The paper by Lavierie and Puterman addresses the nursing human resource planning. It proposes a linear programming model to estimate the number of nurses to train, promote to management and recruit over a 20 year planning horizon to achieve specified workforce levels. The model was developed to help policy makers plan a sustainable nursing workforce for British Columbia, Canada.

The next three papers address various issues related to surgery. Adan et al. consider the patient mix optimization and master surgery schedule generation for cardiothoracic surgery. They propose a mixed integer programming model taking into account stochastic length of stay. The results show that a better performance on target utilization levels of resources can be achieved by considering the stochastic length of stay. Marjama et al. use simulation to compare different workflow models in operating rooms. All parallel work-flow models demonstrated better cost-efficiency than the traditionally sequenced working pattern. Staffing costs per case were 7% lower in the best induction model than in the traditional model. Lehtonen et al. study the connection between coronary artery bypass graft (CABG) operation time and quality. This study shows that there is not a connection between CABG operation times and health related quality of life (HRQoL). Likewise, the speed of the surgeon does not influence improvement in HRQoL.

Two papers address the design and optimization of patient flows and material flows. Villa et al. describe three hospital redesign projects to show how to centre patient flow logistics around the patient care needs. Augusto and Xie address a pharmacy delivery design problem. A mixed integer programming-based approach is used to design the pharmacy pickup and delivery routes for transporters, better balancing the workload of pharmacy personnel. This approach is combined with a simulation model to redesign the delivery process of the pharmacy department of a French university teaching hospital.
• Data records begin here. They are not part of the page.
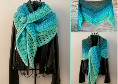 The triangular scarf Kalypso is the flat version of the scarf Akaste, it is also one of the special scarfs where you rotate your scarf regularly to have the beautiful patterns created. The scarf contains 9 different patterns, so you will not get bored while crocheting it.
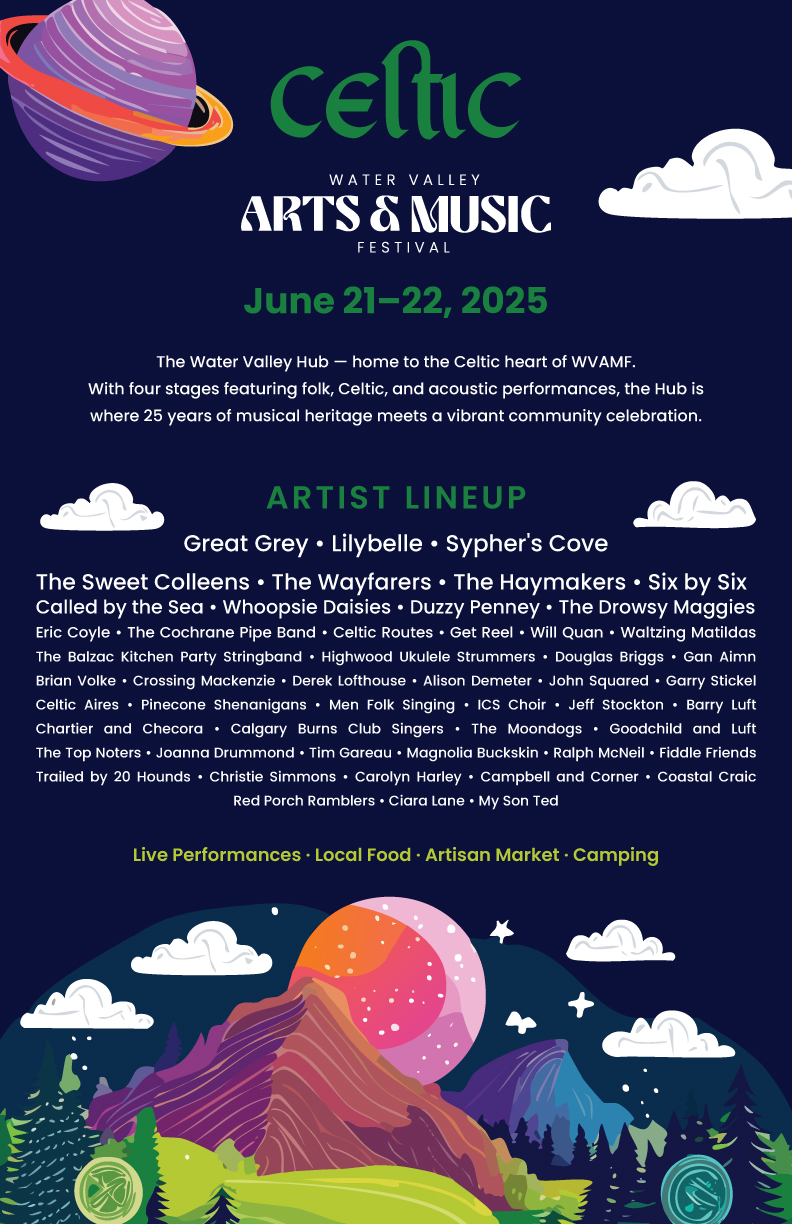 Join us for an unforgettable weekend of live music, arts, and community at the Water Valley Arts and Music Festival (WVAMF) from June 20–22, 2025. Set in the scenic foothills of Water Valley, Alberta, this multi-venue, multi-genre festival brings together top artists, artisans, and food vendors for a truly immersive experience.
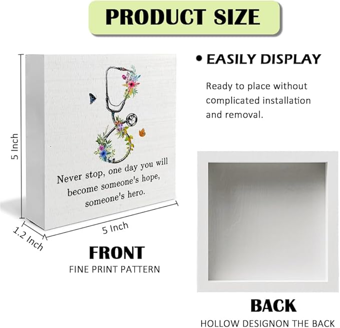 - Material and Size: Measuring approximately 5x5x1.18 inches, this compact wooden box sign is perfect for smaller desks or limited workspaces. Crafted from high-quality wood, it boasts a smooth finish and sturdy construction.
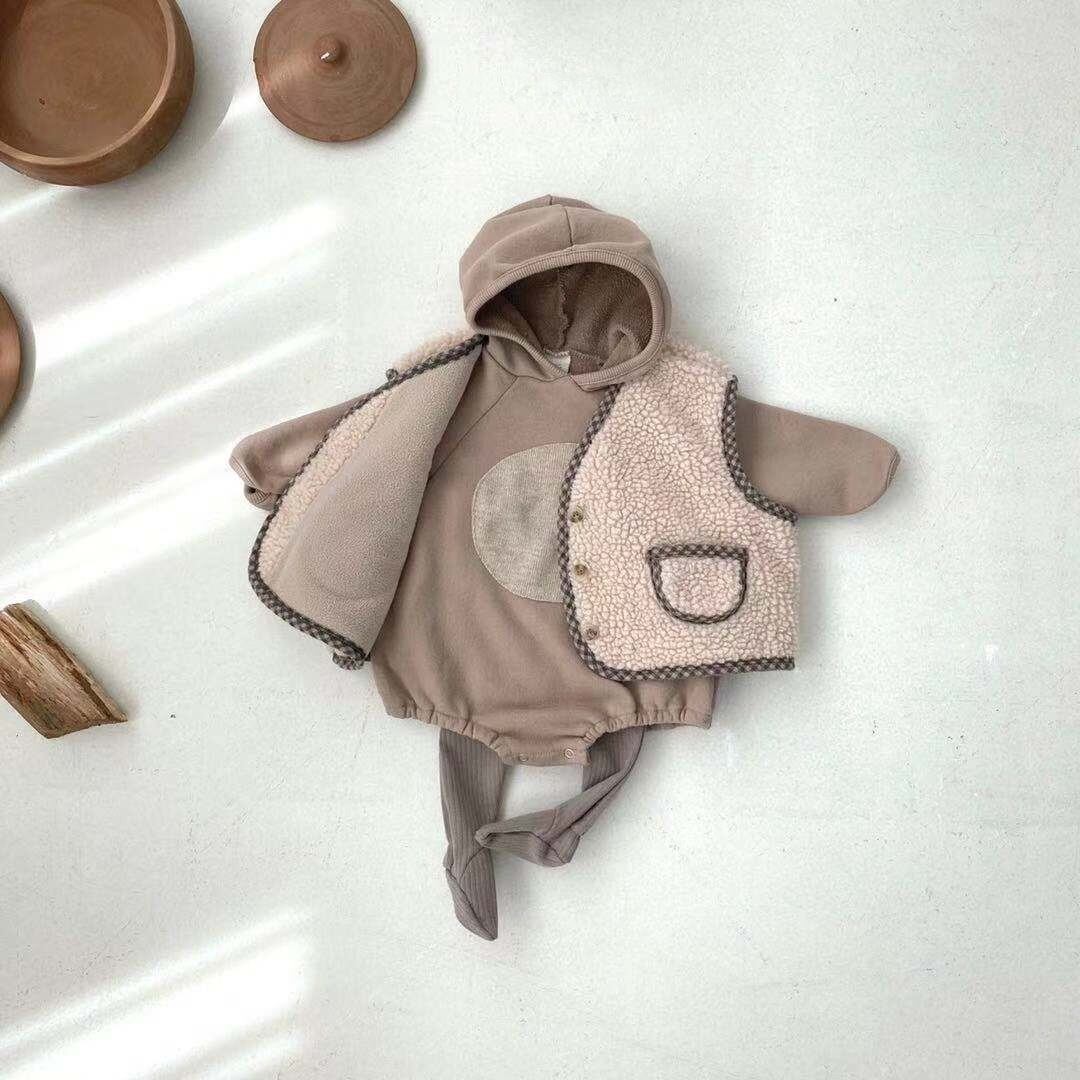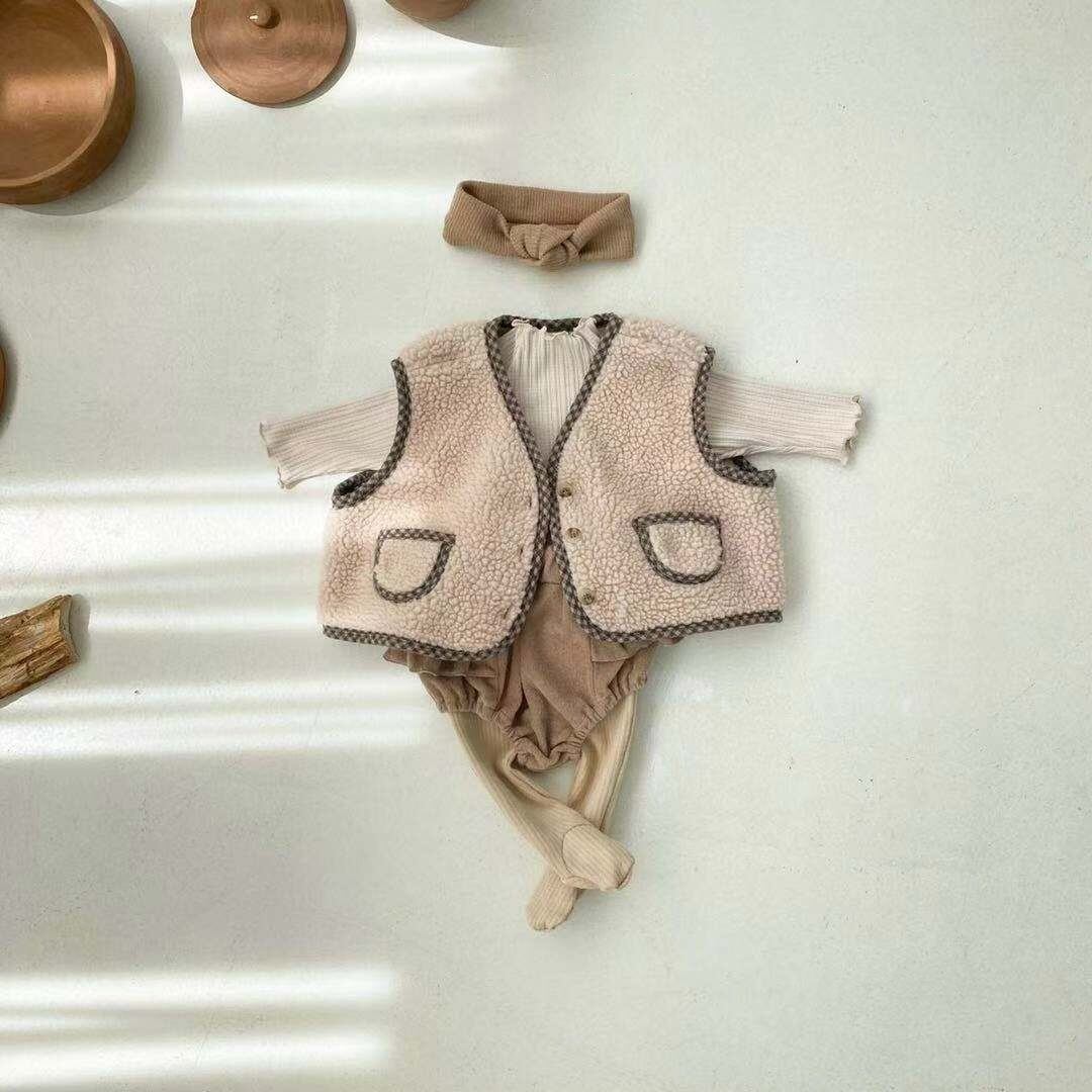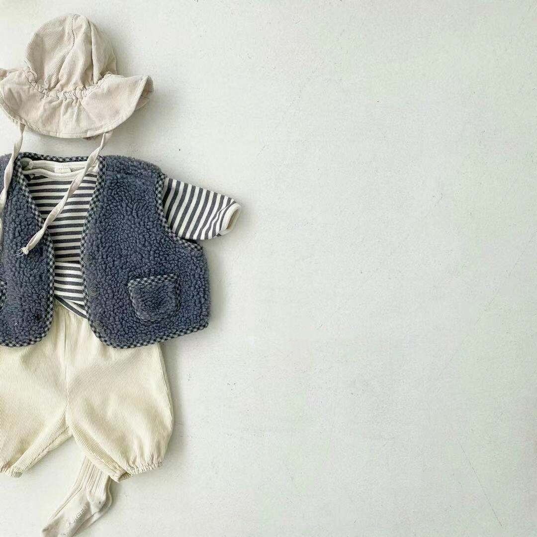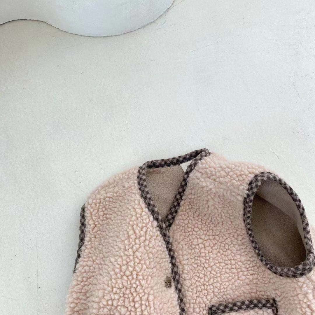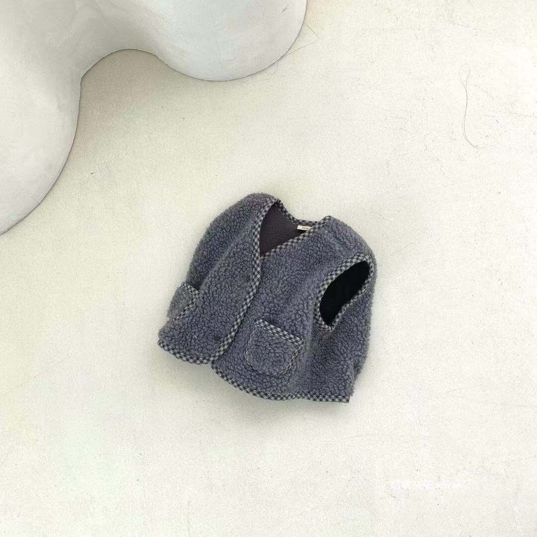 色:チェック柄のエッジングとデニムブルーのベスト,ラティスエッジングとディープライスベスト
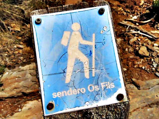 Y por fin, encuentro algo que me indica que me encuentro en el sendero de Os Fils, una pequeña placa mencionándolo, pero salvo esta prueba, nada de nada. Es muy raro, quizás alguien se ha dedicado a vandalizar los carteles de la zona o no me lo explico. En fin, espero que repongan pronto todo de nuevo.

The last two papers address different oncology related issues. Chahed et al. explores operational research opportunities within the home care context. The literature on investigations dealing with operation planning within the area of home care management is reviewed. Different models for chemotherapy at home are presented and analyzed. Langabeer and Ozcan addresses the issue of scale economy of oncology care. Data envelopment analysis and a longitudinal Malmquist index over a 5-year period were applied to specialized inpatient cancer centers to determine if these specialized centers achieve higher productivity over time and if scale leads to higher operating efficiency. Results show that oncology care has not benefited from increasing returns to scale.

We would like first to thank Yasar A. Ozcan to make this special issue possible. We are also grateful to reviewers for their timely and quality review reports that allowed us to ensure the high standard of papers accepted in this special issue: Armand Baboli, Jonathan Bard, Beatrix Besombes, John Blake, Sally Brailsford, Vanda De Angelis, Nico Dellaert, Maria Di Mascolo, Dan France, Alexia Gouin, Frédéric Grimaud, Alain Guinet, Jean Pierre Grandhaye, Michel Gourgand, Erwin Hans, Zhibin Jiang, Saïd Kharraja, Mehdi Lamiri, Mark Lawley, Danielle Masursky, Andrea Matta, Nadine Meskens, Stefan Nickel, Liam O’Neill, Christophe Pascal, Marion Rauner, Warren Sandberg, Arjan Shahani, Angela Testi, Lorraine Trilling, Jan Vissers, Brian Williams and Peter Williams.